Unofficially, two observation stations in Collier County topped out at 88 degrees Friday.

Expect more record warm lows on Florida’s East Coast — and record highs on the West Coast — over the weekend, the National Weather Service in Miami said.

forecast highs SFL

Full sunscreen alert for visitors to the Orlando attractions, where highs in the mid-80s are forecast this weekend. (Image credits: Above, NWS-Miami; below: NWS-Melbourne)

CFL weekend highs

FUN FEB FACT: February 10 is the first day of the year in which the record high temperature at West Palm Beach has hit 90. That happened in 1949. In Miami, the first 90-degree record high doesn’t occur until March 2; In Fort Lauderdale it’s February 14; Naples, March 8.

*

TROPICS TALK: We’re more than three months away from the hurricane season in the continental U.S., but tropical weather is front and center in another part of the country — Hawaii and, to the southwest, American Samoa. The latter was smacked on Friday by Tropical Cyclone Gita, causing high winds, flooding and mudslides.

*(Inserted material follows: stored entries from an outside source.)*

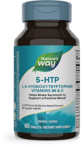 l-5-Hydroxytryptophan is the precursor to serotonin. Nature's Way uses natural l-5-HTP extracted from Griffonia simplicifolia beans produced in easy-to-swallow, enteric-coated tablets to minimalize any potential gastric discomfort. It has been combined with Vitamin C and Vitamin B6.
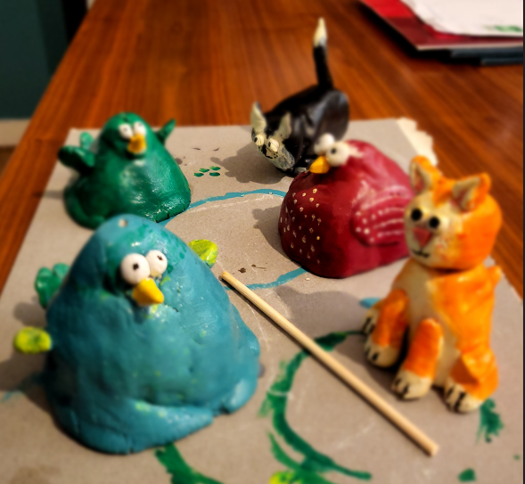 Of course not all artistic endeavours are on canvas. When my daughter returned from travels, she also wanted to join in the fun. Here is our attempt to create animals from air dry clay. Needless to say they have 'nested' in permanent homes around the flat, though I suspect they'll never leave.
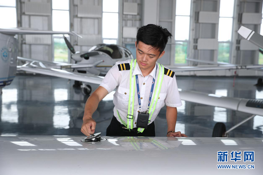 圖為8月6日,內(nèi)蒙古飛行學(xué)院飛行學(xué)員在起飛前檢查航油情況。新華網(wǎng)記者焦鵬 攝
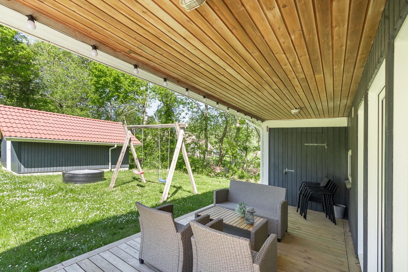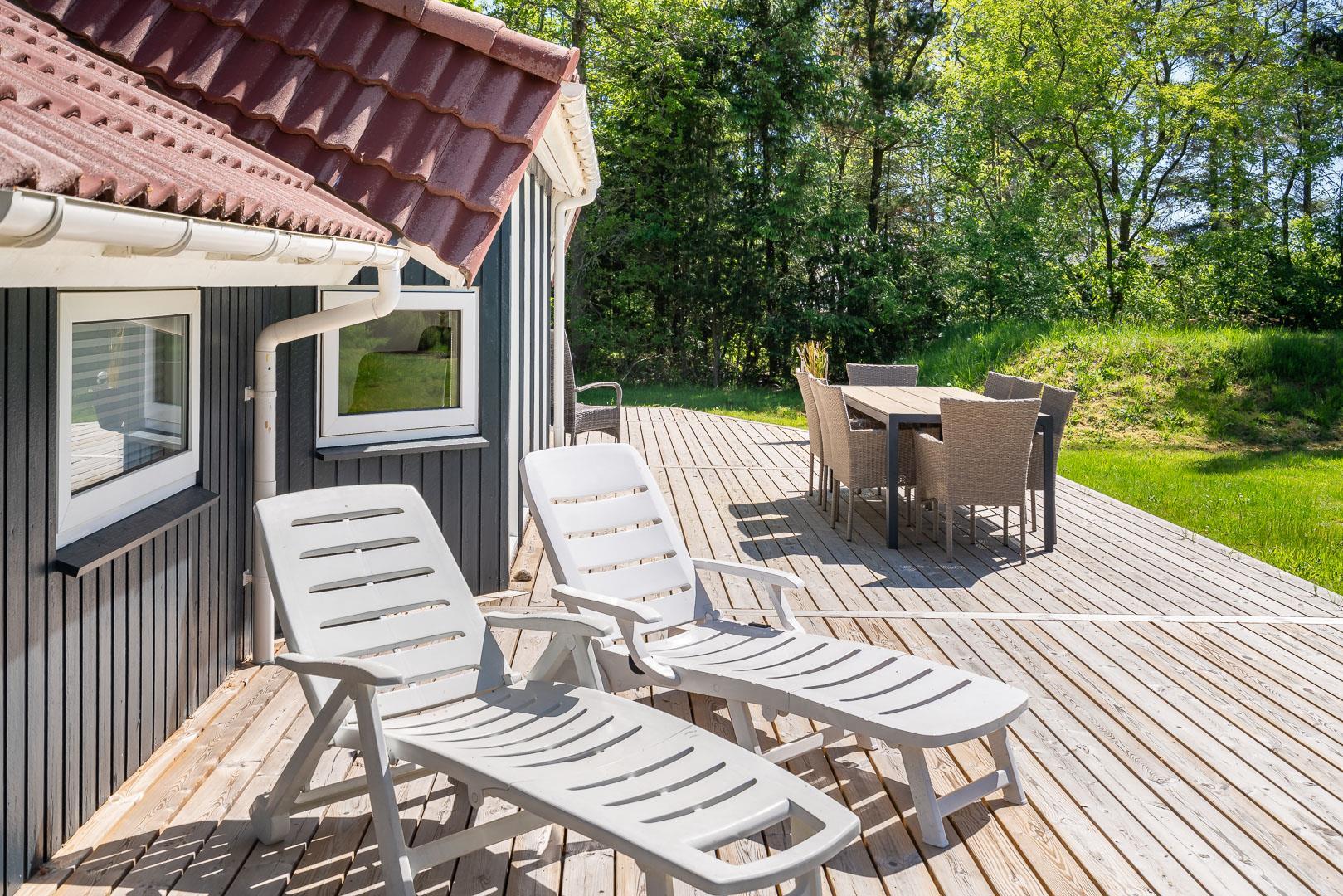 Der Außenbereich von eurem Ferienhaus im Engvejen 7 bietet besonders Familien mit Kindern und Hundebesitzern optimale Bedingungen für einen entspannten Urlaub. Während die Kinder in der Schaukel oder im Sandkasten spielen, könnt ihr auf der teilweise überdachten Terrasse entspannen – geschützt vor der Sonne oder leichtem Regen.
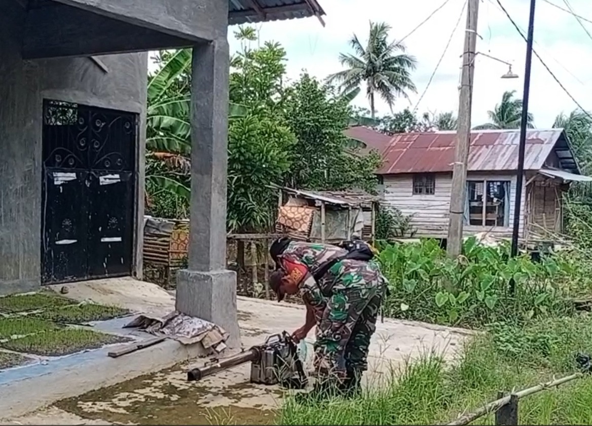 Babinsa Koramil 1002-07/Batu Benawa Bantu Fogging Di Desa Binaan
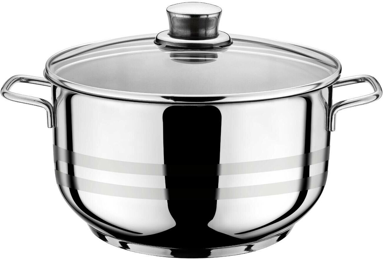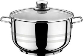 Изделие можно использовать на газовых, чугунных, стеклокерамических, индукционных и галогеновых конфорках. В комплекте прилагается стеклянная крышка с клапаном для выпуска пара. Допускается мойка в посудомоечной машине.
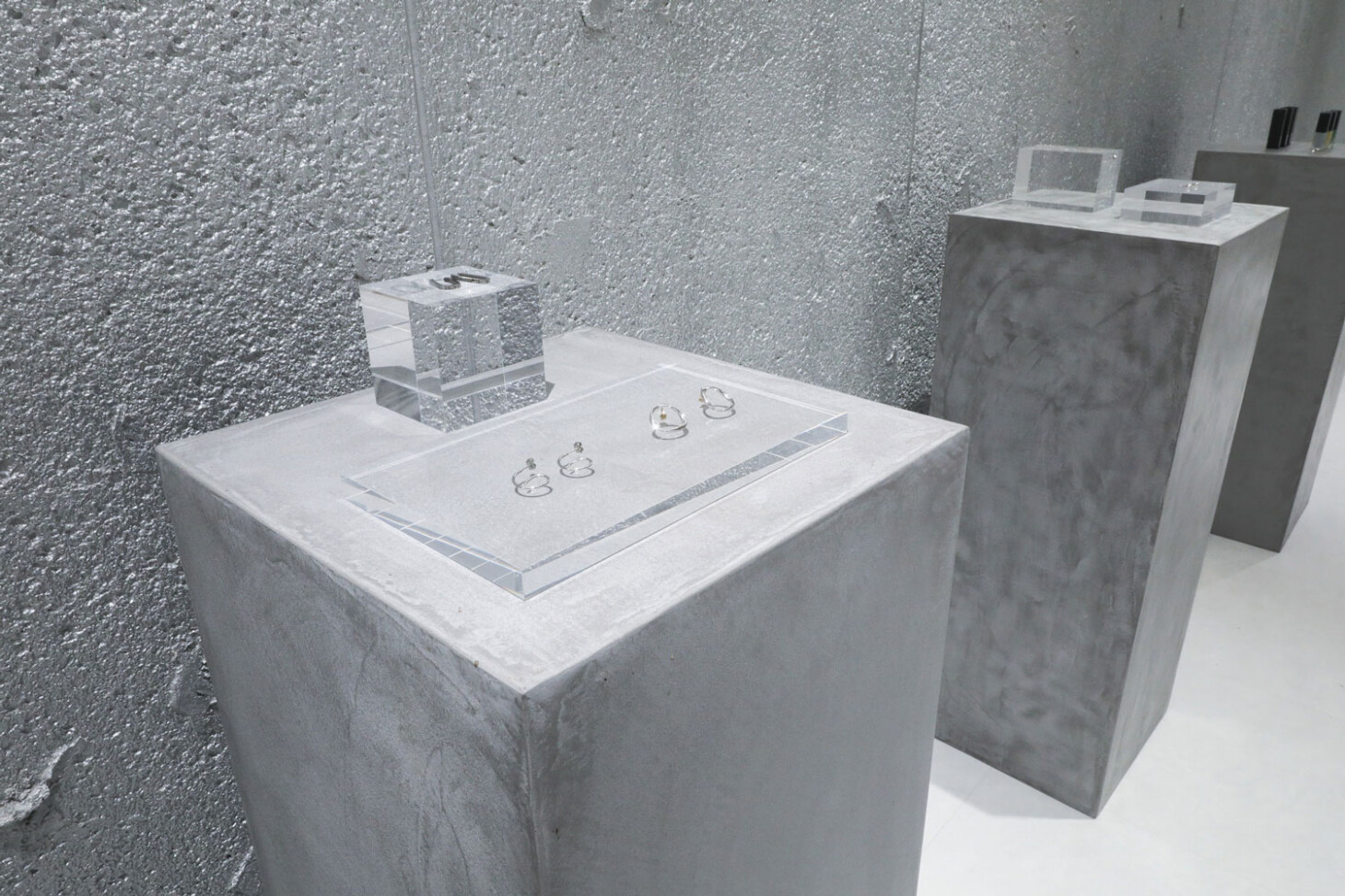 ポディウム什器は3種類の素材をご用意しており、細長い四角柱はモルタル、ブラックメタルの2種類がございます。
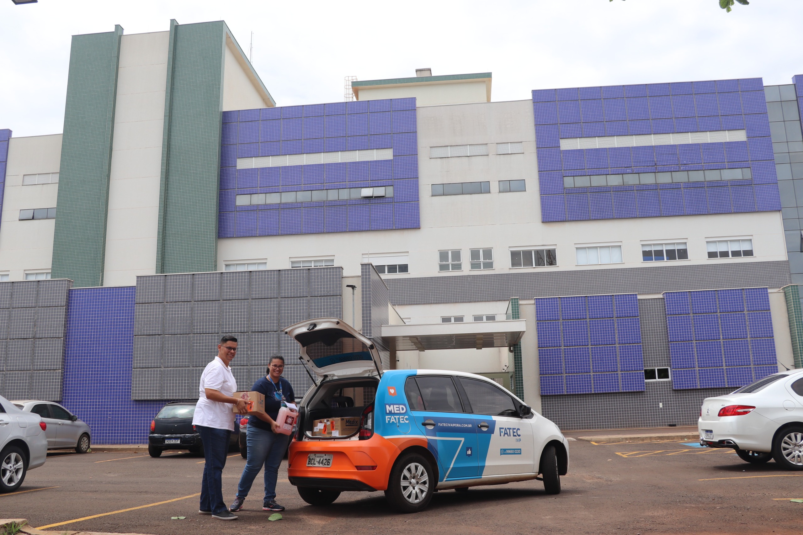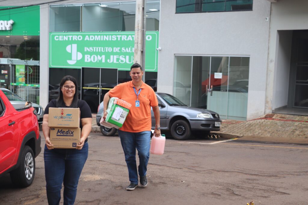 A relação entre a Fatec Ivaiporã, Hospital Regional Marcelo Reis e o Instituto de Saúde Bom Jesus (ISBJ) vai além do estágio direcionado aos acadêmicos de Medicina. O diretor acadêmico Roni Ferreira e a enfermeira Amanda Ferreira realizaram a reposição de materiais de proteção e higienização utilizados na rotina hospitalar.
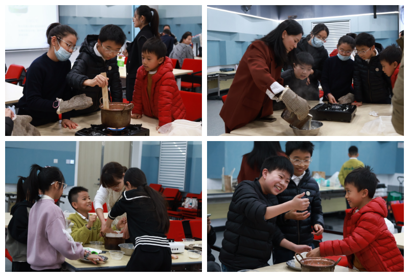 活动伊始,老师为大家讲解了豆制品中富含的优质蛋白与钙质等营养知识,为实践环节打下科学基础。随后进入动手环节——孩子们化身“小小豆腐匠”,亲手熬煮提前磨好的豆浆。当滚烫的豆浆与卤水相遇时,所有人屏息注视,在轻轻搅拌中,亲眼见证了豆浆凝结成豆花的奇妙变化。老师适时解说:“卤水的主要成分是氯化镁或硫酸钙,作为传统的食品凝固剂,它能促使豆浆中的蛋白质发生胶凝,这是古人智慧与化学反应的共同作用。”
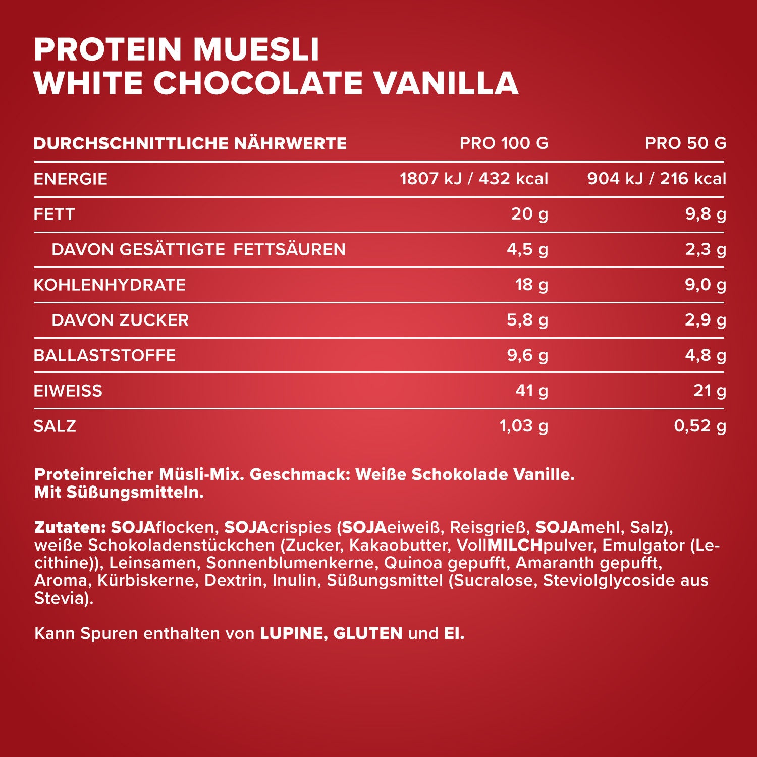 Store protected from heat, moisture, and sunlight. Proteins contribute to an increase in muscle mass. A balanced and varied diet and a healthy lifestyle are important. 30% less carbohydrates and sugar compared to conventional muesli.
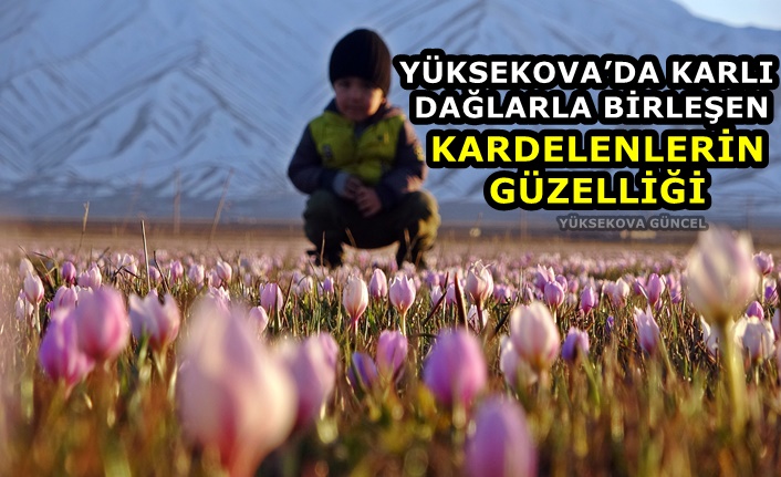 Yüksekova ilçesinde baharın habercisi olan kardelenlerin karlı dağlarla bütünleşmesi görenleri hayran bıraktı.
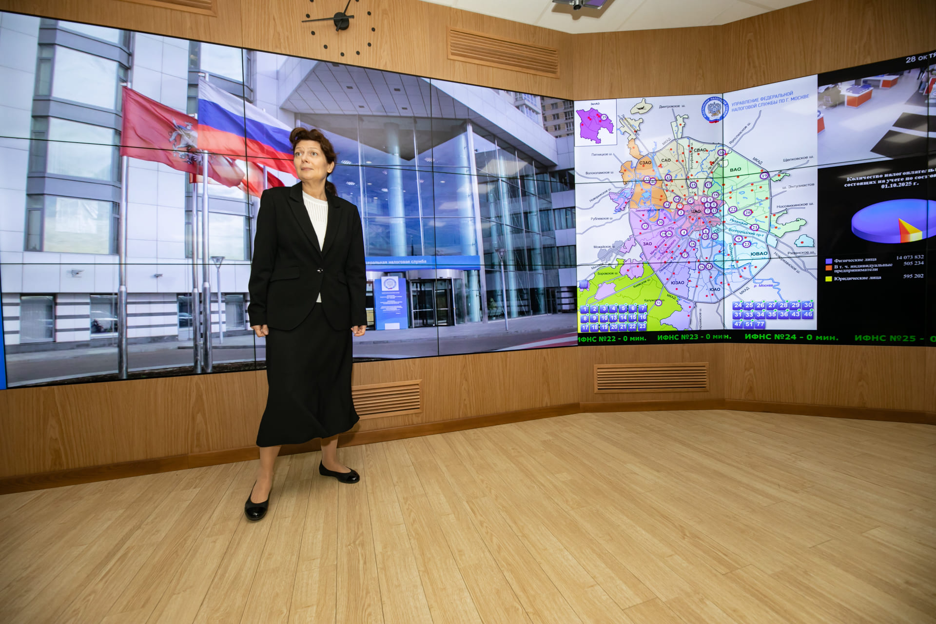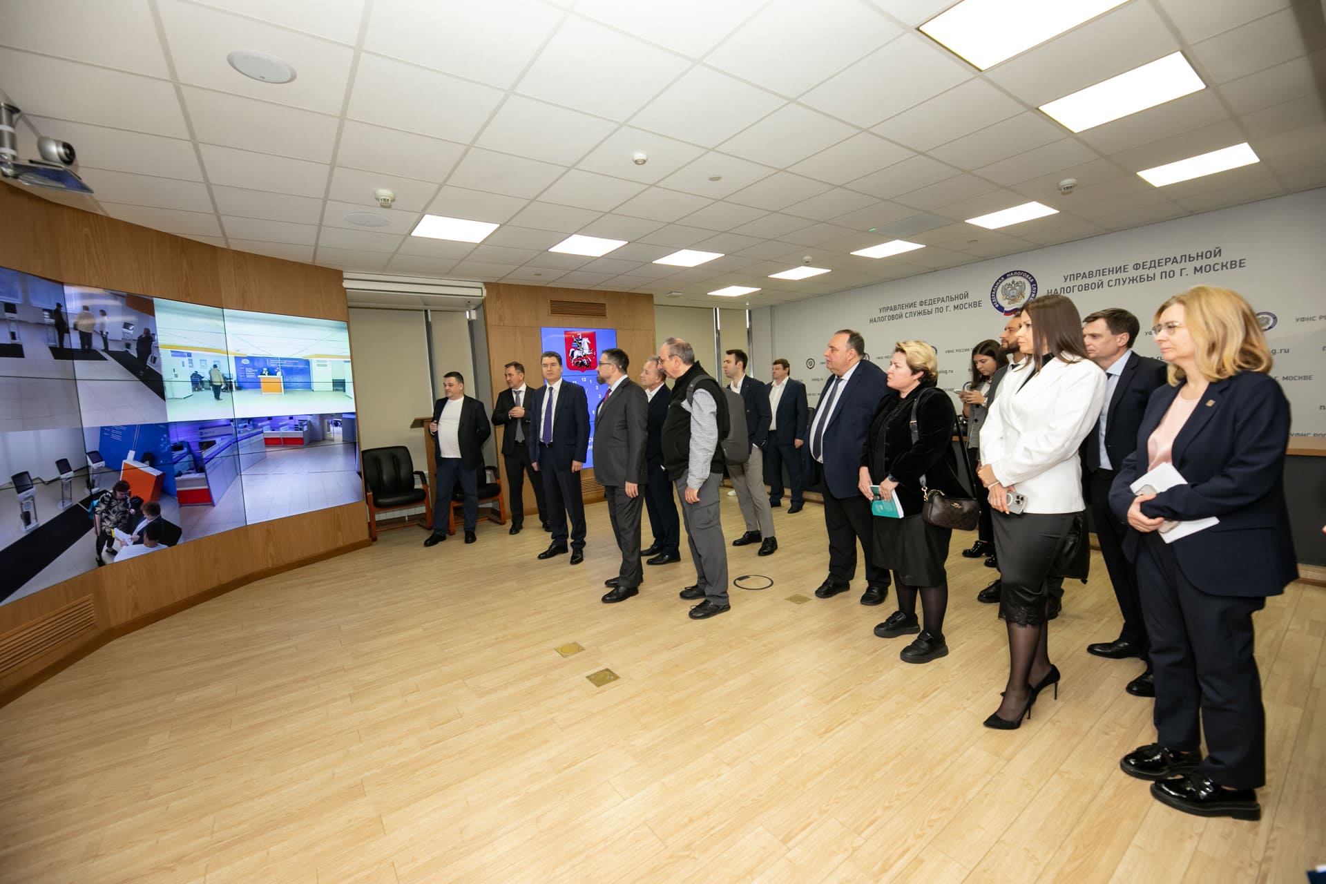 В завершение заседания члены Общественного совета при ФНС России ознакомились с работой ситуационного центра УФНС по городу Москве и единого контакт-центра ФНС России. В ситуационном центре гостям продемонстрировали возможности мониторинга деятельности столичных инспекций в режиме реального времени с помощью интерактивной карты. Контакт-центр предоставляет информацию по широкому спектру решаемых задач — от информирования о сроках уплаты налогов и отчетности до консультаций по налоговым льготам, вычетам и работе электронных сервисов ФНС России.

The U.S. Coast Guard closed the port at Pago Pago, the capital of the island chain. The National Weather Service office there was closed, and forecasts were being issued from Honolulu, according to Radio New Zealand.

The storm damaged homes and caused power outages. American Samoa Governor Lolo Matalasi Moliga declared an emergency and said it was likely he’d ask for assistance from the U.S. government in Washington.